### Exercise goal
Nothing past the line containing "Fabricada em ferro" belongs in the output. Copy exactly every line of the data below from the first up to and including it.

### Data extracted from a collection
<<<<
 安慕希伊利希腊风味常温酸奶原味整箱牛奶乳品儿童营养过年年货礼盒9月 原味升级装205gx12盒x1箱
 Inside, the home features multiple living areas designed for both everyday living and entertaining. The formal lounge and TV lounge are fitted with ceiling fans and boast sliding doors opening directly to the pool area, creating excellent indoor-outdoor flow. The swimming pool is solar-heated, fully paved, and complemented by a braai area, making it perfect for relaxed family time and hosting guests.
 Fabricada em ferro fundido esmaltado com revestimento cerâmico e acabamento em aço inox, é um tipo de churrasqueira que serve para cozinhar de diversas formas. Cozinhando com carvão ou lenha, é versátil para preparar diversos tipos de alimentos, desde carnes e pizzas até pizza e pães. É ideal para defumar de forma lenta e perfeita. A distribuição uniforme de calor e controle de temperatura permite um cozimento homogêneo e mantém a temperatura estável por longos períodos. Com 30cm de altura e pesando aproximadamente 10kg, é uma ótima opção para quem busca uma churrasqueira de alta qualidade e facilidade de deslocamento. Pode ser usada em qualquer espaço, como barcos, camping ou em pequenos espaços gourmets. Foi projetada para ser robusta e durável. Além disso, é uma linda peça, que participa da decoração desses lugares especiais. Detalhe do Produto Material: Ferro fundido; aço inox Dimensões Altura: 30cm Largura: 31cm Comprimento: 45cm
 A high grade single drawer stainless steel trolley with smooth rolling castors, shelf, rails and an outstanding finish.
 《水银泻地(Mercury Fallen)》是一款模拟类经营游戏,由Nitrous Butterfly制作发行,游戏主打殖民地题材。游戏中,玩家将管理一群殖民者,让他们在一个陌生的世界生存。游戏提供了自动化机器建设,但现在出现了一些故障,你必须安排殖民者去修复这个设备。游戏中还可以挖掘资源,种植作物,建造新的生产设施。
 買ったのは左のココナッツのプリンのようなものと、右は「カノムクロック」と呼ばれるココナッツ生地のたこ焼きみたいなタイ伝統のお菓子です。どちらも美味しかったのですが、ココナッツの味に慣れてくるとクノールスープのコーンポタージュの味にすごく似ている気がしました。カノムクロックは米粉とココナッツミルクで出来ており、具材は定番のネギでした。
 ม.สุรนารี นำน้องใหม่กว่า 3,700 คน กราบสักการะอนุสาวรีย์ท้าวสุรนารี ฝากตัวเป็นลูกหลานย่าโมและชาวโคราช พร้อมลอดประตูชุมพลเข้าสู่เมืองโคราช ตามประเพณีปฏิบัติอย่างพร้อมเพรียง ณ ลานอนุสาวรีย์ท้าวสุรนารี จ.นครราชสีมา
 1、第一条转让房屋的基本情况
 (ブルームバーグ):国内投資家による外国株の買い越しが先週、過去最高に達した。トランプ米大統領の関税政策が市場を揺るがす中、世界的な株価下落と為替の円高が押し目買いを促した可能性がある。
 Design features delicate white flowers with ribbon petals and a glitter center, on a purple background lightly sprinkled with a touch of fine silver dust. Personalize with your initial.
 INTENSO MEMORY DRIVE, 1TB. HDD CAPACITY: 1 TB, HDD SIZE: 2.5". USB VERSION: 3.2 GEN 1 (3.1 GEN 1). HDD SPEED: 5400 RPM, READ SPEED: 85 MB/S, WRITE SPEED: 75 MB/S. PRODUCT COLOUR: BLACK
>>>>
### Answer space
 安慕希伊利希腊风味常温酸奶原味整箱牛奶乳品儿童营养过年年货礼盒9月 原味升级装205gx12盒x1箱
 Inside, the home features multiple living areas designed for both everyday living and entertaining. The formal lounge and TV lounge are fitted with ceiling fans and boast sliding doors opening directly to the pool area, creating excellent indoor-outdoor flow. The swimming pool is solar-heated, fully paved, and complemented by a braai area, making it perfect for relaxed family time and hosting guests.
 Fabricada em ferro fundido esmaltado com revestimento cerâmico e acabamento em aço inox, é um tipo de churrasqueira que serve para cozinhar de diversas formas. Cozinhando com carvão ou lenha, é versátil para preparar diversos tipos de alimentos, desde carnes e pizzas até pizza e pães. É ideal para defumar de forma lenta e perfeita. A distribuição uniforme de calor e controle de temperatura permite um cozimento homogêneo e mantém a temperatura estável por longos períodos. Com 30cm de altura e pesando aproximadamente 10kg, é uma ótima opção para quem busca uma churrasqueira de alta qualidade e facilidade de deslocamento. Pode ser usada em qualquer espaço, como barcos, camping ou em pequenos espaços gourmets. Foi projetada para ser robusta e durável. Além disso, é uma linda peça, que participa da decoração desses lugares especiais. Detalhe do Produto Material: Ferro fundido; aço inox Dimensões Altura: 30cm Largura: 31cm Comprimento: 45cm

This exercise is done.